In certain embodiments of the invention, the liquefied gas propellants are combined with dissolved gas propellants, which also tend to vaporize instantaneously upon release from the pressurized container. The mixture of the liquefied gas propellants and the dissolved gas propellants create high volume of vigorous and relatively long lasting bubbling and effervescence in the composition as discharged. The effervescent compositions are unique in that the effervescent foam formed by the compositions are flowable and easily spreadable when applied and rubbed onto the skin and impart a pleasant cooling sensation.
According to certain embodiments of the invention, the propellant combination is substantially homogeneously distributed through the effervescent composition. Examples of liquefied gas propellants include hydrocarbons, including, but not limited to, pentane, butane, isobutane and propane, and mixtures thereof, and 1, 1-difluoroethane. Examples of mixtures of hydrocarbon propellants include a mixture of 80% butane and 20% propane, based on total weight of the propellant mixture. Examples of dissolved gas propellants are ethers which include, but are not limited to, dimethyl ether. It was surprisingly discovered that, in order to provide phase-stable compositions that provide an effervescent foam when discharged from a pressurized container into atmospheric pressure, the total concentration of the combination of the propellants must be from about 20% to about 30% by weight of the effervescent composition, and the concentration of the selected propellants contained in the propellant combination, including the 80/20 weight percent mixture of butane and propane, must be from about 8% to about 15%. When either condition is not met, the resultant composition either is not phase-stable, or does not provide an effervescent foam when discharged from a pressurized container into atmospheric pressure.

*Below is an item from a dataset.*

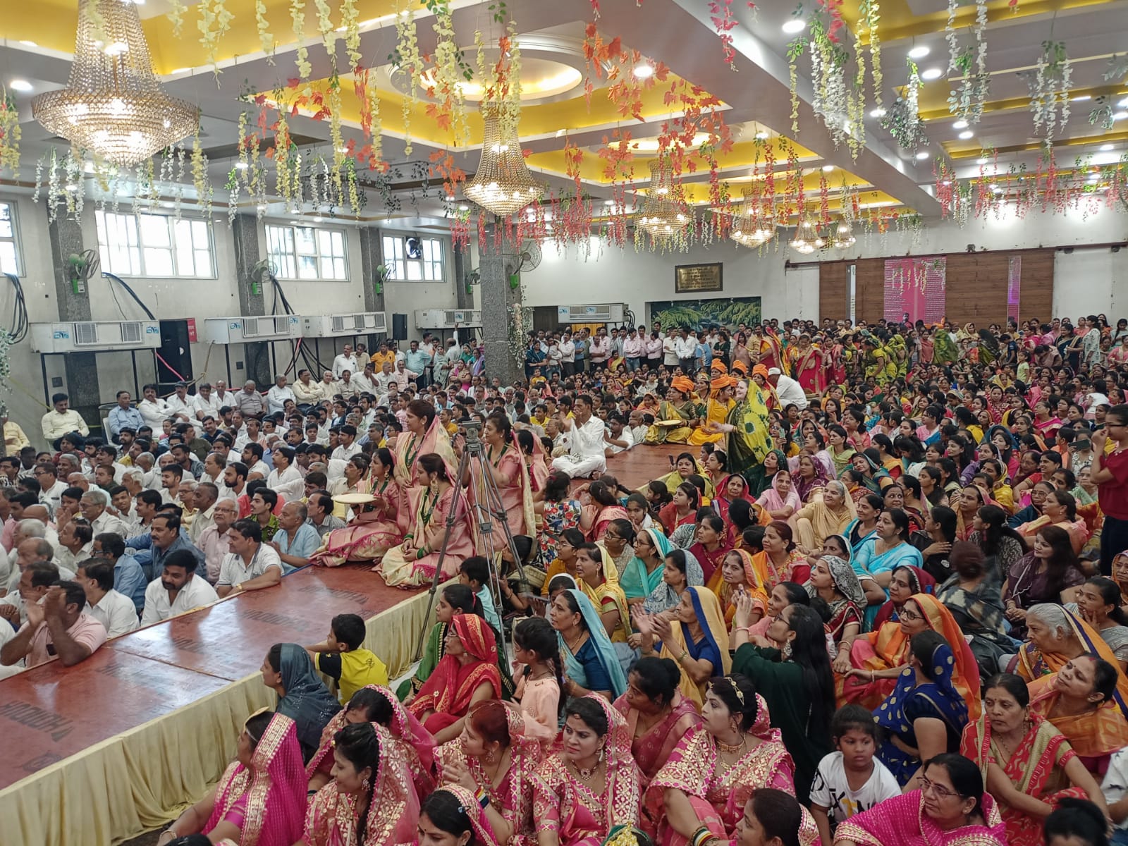 मंच के आगे सुन्दर कलाकृति में शोभायमान कलश सबके आकर्षण का केंद्र बने हुए थे। मंच के पीछे व आगे कलाकृतियो में कमल खिले नजर आ रहे थे तो पांडाल में भक्तों के मन कमल की तरह खिले हुए प्रतीत हो रहे थे। 3 मुनिराजों के मंच पर आते ही पांडाल जयकारों से गूंज उठा। विशाल पंडाल ऐसा लग रहा था जैसे किसी मंदिर का प्रांगण हो और वहां भक्त उत्सव मना रहे हों। महिला मंडल द्वारा सुन्दर मंगलाचरण किया गया। इसके बाद दीप प्रज्जवलन, पाद प्रक्षालन, शास्त्र भेंट आदि मांगलिक कार्य संपन्न हुए। चातुर्मास की घोषणा होते ही भक्तों को सबसे ज्यादा प्रतीक्षा होती है, चातुर्मास कलश स्थापना के दिवस की। हो भी क्यों ना, इस दिन उनके मन और हृदय में संतों का सानिध्य मिलने से जो खुशी की लहरें उठ रही होती है, उनको ही वे इस दिन उत्सव मनाकर प्रकट करते हैं।

Compositions of the present invention include an ultraviolet radiation-absorbing compound, (i.e., “UV-absorbing compound”). By “UV-absorbing compound,” it is meant a compound comprising one or more UV-absorbing moieties, as discussed herein below, and that absorbs radiation in some portion of the ultraviolet spectrum (290 nm-400 nm), such as one having an extinction coefficient of at least about 1000 mol−1 cm−1, for example greater than 10,000, or 100,000, or 1,000,000 mol−1 cm−1, for at least one wavelength within the above-defined ultraviolet spectrum.
In certain embodiments of the invention, the UV-absorbing compound may have low water solubility. For example, in certain embodiments, the UV-absorbing compound may have a water solubility that is about 3% or less by weight, such as about 1% or less by weight. By “water solubility” it is meant the maximum weight percentage of UV-absorbing compound (relative to polymer plus water) that can be placed into 100 grams deionized water and agitated so that a clear solution is obtained and remains visually homogeneous and transparent at ambient temperature for 24 hours.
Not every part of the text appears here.